VPS35 is a component of the retromer complex and is involved in retrograde transport from the endosomes back to the trans-Golgi network.25 This multi-protein complex consists of the cargo-recognition VPS26-VPS29-VPS35 heterotrimer and a membrane-targeting heterodimer or homodimer of SNX1 and/or SNX2 (vps5).25,26 All proteins involved are evolutionarily conserved and have been previously described in Saccharomyces cerevisiae. The best characterized cargo proteins of the retromer complex are the cation-independent mannose 6-phosphate receptor (CI-MPR)27 and Vps10p in mammals and Saccharomyces cerevisiae, respectively; these proteins transport hydroxylases to the lysosomes or lysosomal vacuoles. Recently, additional cargo proteins and functions of VPS35 have been described.28,29 Most interesting in our context is the involvement of the retromer into the retrograde transport of SORL1, a VPS10P-domain receptor protein that has been implicated in Alzheimer disease.30,31 The crystal structure of the C-terminal part of VPS35 has been resolved.32 The three variants p.Asp620Asn, p.Arg524Trp, and p.Leu774Met are located in this part of the protein, and we have investigated their impact on protein stability by using molecular dynamics (MD) simulations.
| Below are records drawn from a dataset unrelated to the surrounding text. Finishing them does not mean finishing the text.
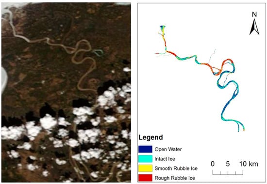- Chu, T.; Lindenschmidt, K.E. Integration of space-borne and air-borne data in monitoring river ice processes in the Slave River, Canada. Remote Sens. Environ. 2016, 181, 65–81. [Google Scholar] [CrossRef]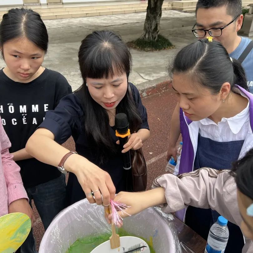 首场活动中,罗召莉带领两校学生共同体验非遗漆扇制作,孩子们通过混合分组,在“教师妈妈”的指导下设计图案、调配传统大漆,创作出融合两校文化元素的创意漆扇。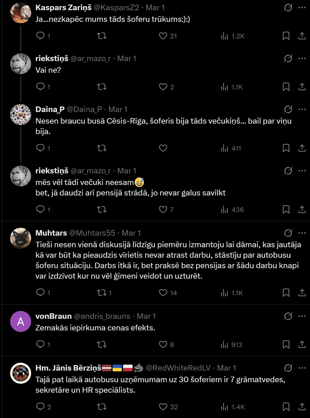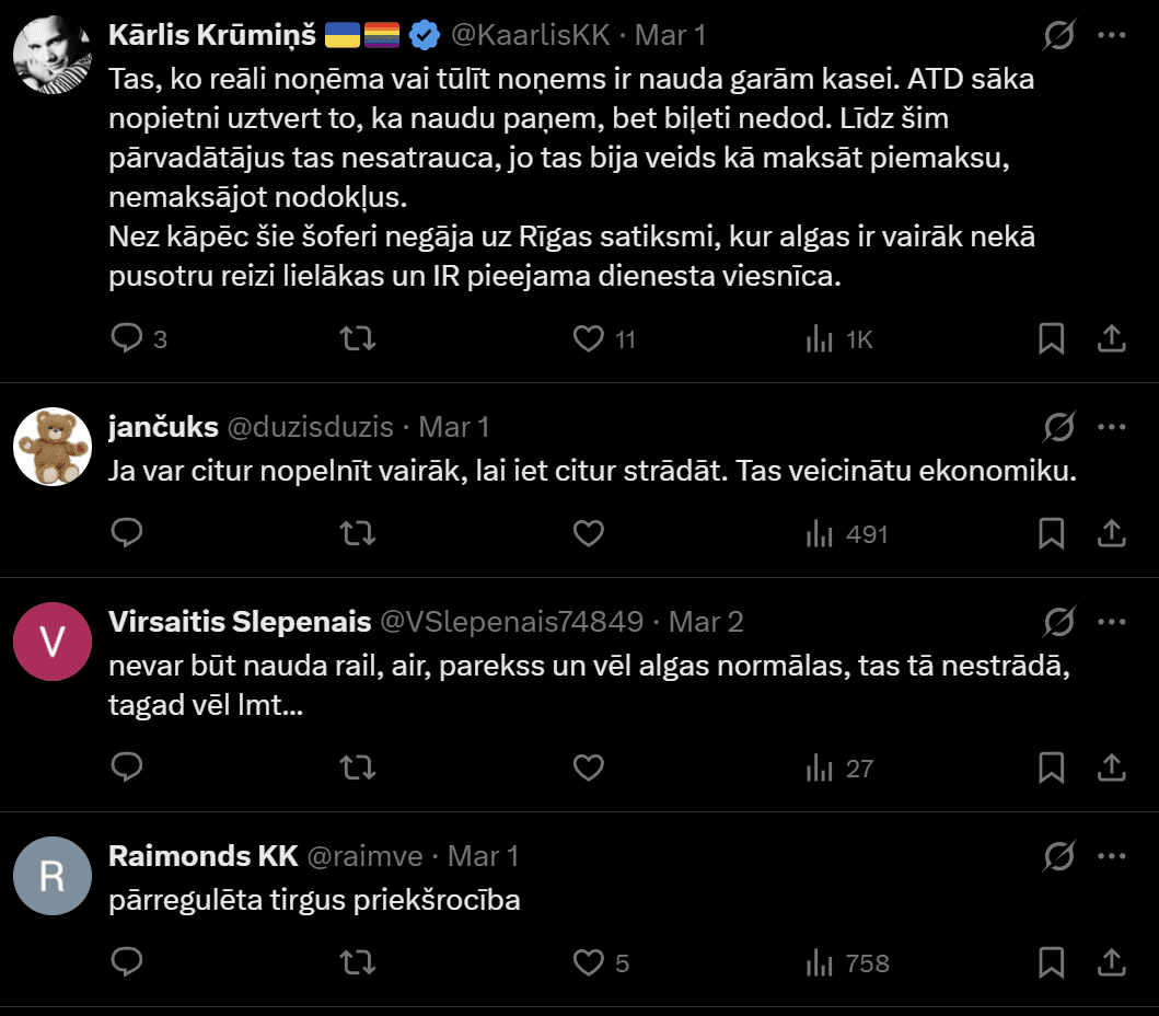 “Parunāju ar čomu no Alūksnes, dzimis autobusa šoferis, visu mūžu strādā un pārvadā pasažierus, patika darbs, bet nu jau paliekot par traku. Noņēma piemaksas, tagad uz papīra 5 eiro/h…izstiepies vai saraujies!”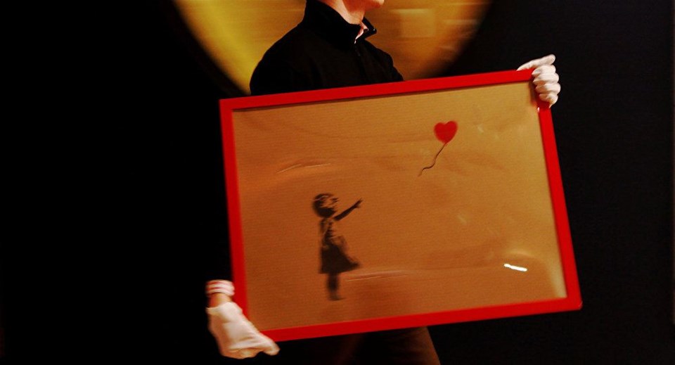 Banksy’nin „Balonlu Kız“ isimli eseri İngiltere’nin başkenti Londra’daki Sotheby’s Müzayede Evi’nde açık artırmaya çıkarıldı.
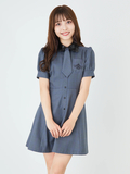 合皮衿タイ付きワンピース
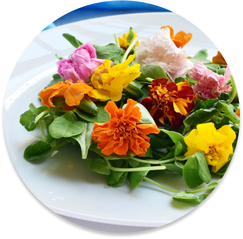 菊花・菜の花・花柚子など、食用やあしらいとして用いる花もご用意しております。またエディブルフラワーやベルローズなどもお取り扱いしております。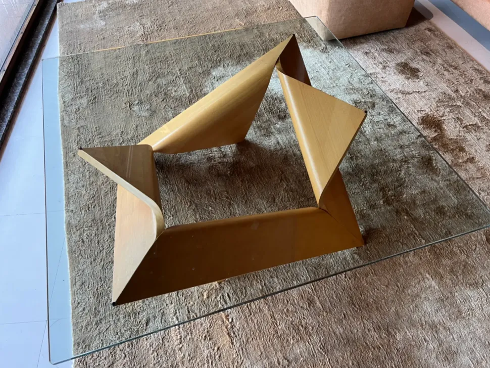 Tavolino da salotto cm 105 x 105 in legno curvato impiallacciato noce biondo , con piano in vetro temperato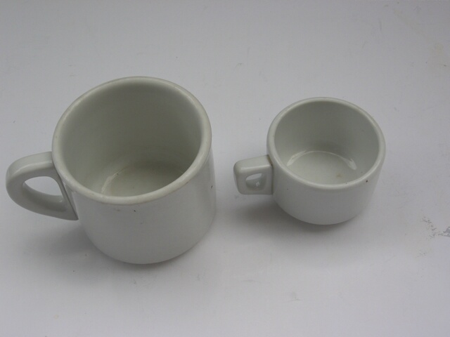 Массивная чайная чашка из толстостенного белого фарфора,(очень большого размера для сравнения прикрепил фото с обычной кофейной чашкой) изготовленная для офицерской столовой Вермахта. На донышке имеется подглазурное черное клеймо в виде имперского орла и название фирмы - "BAVARIA". Предмет в отличной сохранности, изготовлен в 1941 году.

We manually introduced the mutations to the crystal structure and modeled the side chains by using scwrl 4.0.33 All MD simulations were performed via GROMACS 4.5,34 with the all-atom force field AMBER0335 and the water model TIP3P36 as parameters. All three proteins are found on the edge of helices interacting with VPS29. Wild-type residue Asp620 forms frequent hydrogen bonds (HBs) to Lys622, but these bonds are less frequent in the p.Asp620Asn variant (Figure 2A). Similarly, Arg524 is involved in a triple HB network together with residues Asp483 and Asp486, but this network is broken by the introduction of p.Arg524Trp (Figure 2B). Both changes result in the loss of salt bridges and cause the protein to be locally more flexible, as shown by root-mean-square fluctuation (RMSF) profiles (Figure S2). In contrast to the effect predicted for p.Arg524Trp and p.Asp620Asn, the p.Leu774Met variant was not predicted to have a strong impact on protein stability.
Figure 2.
Hydrogen-Bonding Capacities for Wild-Type Asp620 and Arg524 and the Variants p.Asp620Asn and p.Arg524Trp
Hydrogen bonds (HB) are shown as red dashed lines. Asp60 and Arg524 are in green; p.Asp620Asn and p.Arg524Trp are in orange.
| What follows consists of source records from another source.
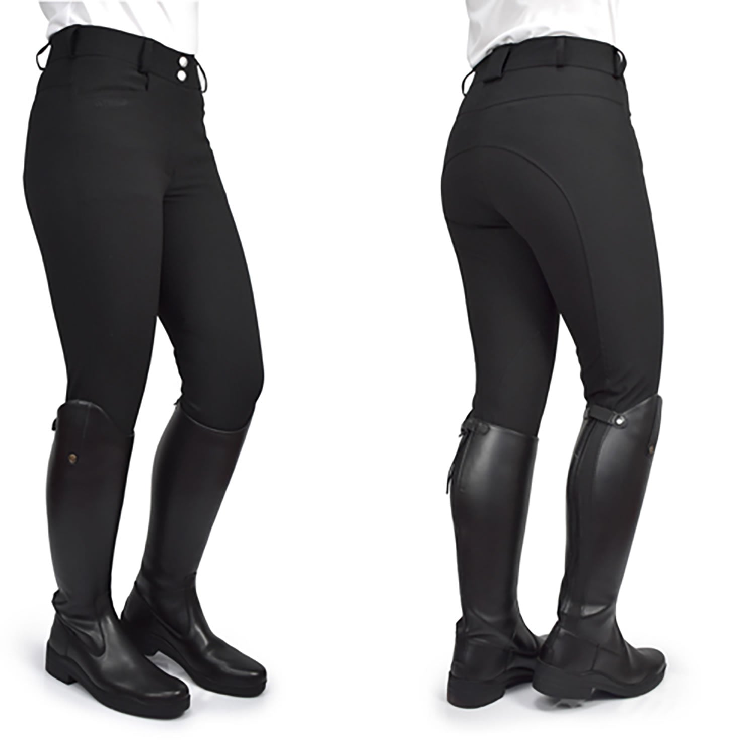 Classically styled and comfortable, these four-way stretch breeches are suitable for everyday use yet smart enough for competition use. The self fabric knee patches are perfect for those who'd prefer to not feel stuck to their saddle and won't get stuck together when walking. Featuring open front jean style pockets, seat seam for comfort in the saddle, a subtle elastic ankle for a streamlined look and a comfortable mid-rise waistband with belt loops and Whitaker hook and eye fastenings.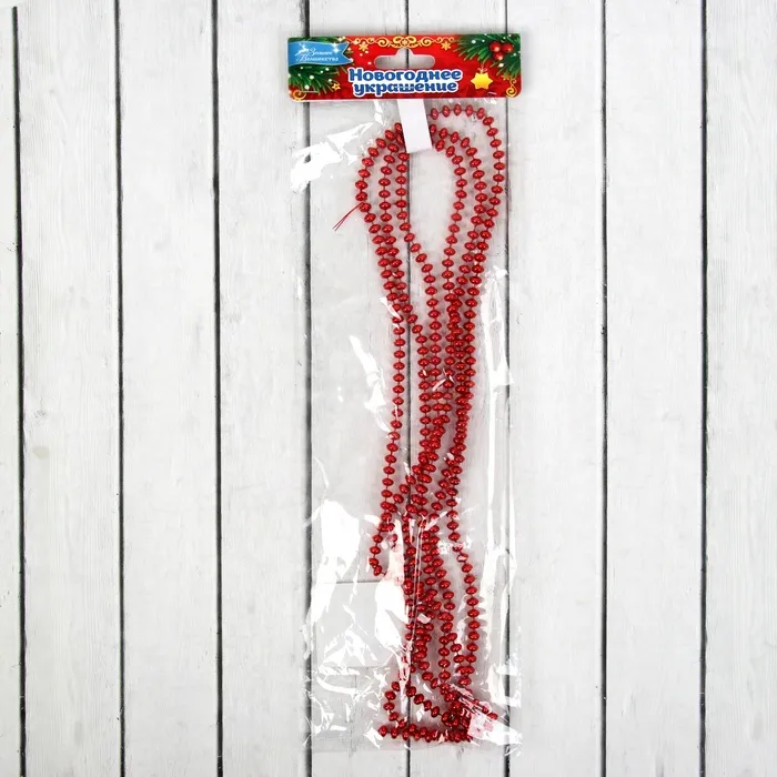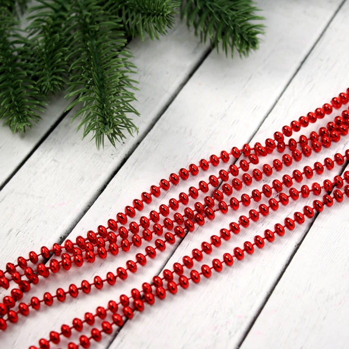Бусы на ёлку «Бусинки», длина 2 м, d=4 мм, красные — Характеристики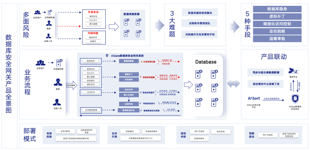 為了解決以上數(shù)據(jù)庫(kù)安全建設(shè)面臨的挑戰(zhàn),安恒信息為該醫(yī)院客戶推薦了安恒AiGate數(shù)據(jù)庫(kù)安全網(wǎng)關(guān)系統(tǒng)(以下簡(jiǎn)稱AiGate)。AiGate是安恒信息在多年數(shù)據(jù)安全訪問(wèn)控制理論和實(shí)踐經(jīng)驗(yàn)積累的基礎(chǔ)上,集數(shù)據(jù)庫(kù)準(zhǔn)入、訪問(wèn)控制、攻擊防護(hù)、動(dòng)態(tài)脫敏、 運(yùn)維審批等多種功能一體的產(chǎn)品。目前,該產(chǎn)品已在多個(gè)行業(yè)被廣泛應(yīng)用,保障著用戶的重要數(shù)據(jù)和敏感信息。

(A) Asp620 forms a HB to Lys622 and shows an additional salt-bridge interaction. p.Asp620Asn forms fewer HBs, and no electrostatic interaction is possible.
(B) Arg524 forms a HB network with Asp483 and Asp486. This network is broken by the p.Arg524Trp substitution.
In summary, we identified rare VPS35 missense variants that are potentially pathogenic. One of these variants, p.Asp620Asn, cosegregates with late-onset PD in three unrelated families. The observation that the three families share only a small common haplotype across VPS35, the high conservation of VPS35, the predicted structural changes, and the protein's known involvement in lysosomal trafficking together provide strong support for the p.Asp620Asn variant's being causative for late-onset PD, although we identified only a single familial mutation. The penetrance of p.Asp620Asn is high but not complete and might be lower for the other variants. The proportion of PD caused by VPS35 variants is expected to be low. Although exome sequencing provides perfect access to rare-variant detection, both large families and large collections of cases and controls remain a crucial resource for the identification of disease genes.
Acknowledgments
We thank all patients and their families for participating in this study. We also thank C. Fischer and B. Schmick for technical assistance and S. Schmidegg, S. Hoedl, and M. Guger for clinical examination of family A. This work was supported by a grant from the German Ministry for Education and Research (01GR0804-4). The KORA study was financed by the Helmholtz Zentrum München, the German Federal Ministry of Education and Research, the State of Bavaria, the German National Genome Research Network (NGFNplus: 01GS0823), and the Munich Center of Health Sciences (MCHealth) as part of LMUinnovativ. M.N.O., S.C.R., and B.R. were supported by the Alexander von Humboldt Foundation.
Contributor Information
Alexander Zimprich, Email: alexander.zimprich@meduniwien.ac.at.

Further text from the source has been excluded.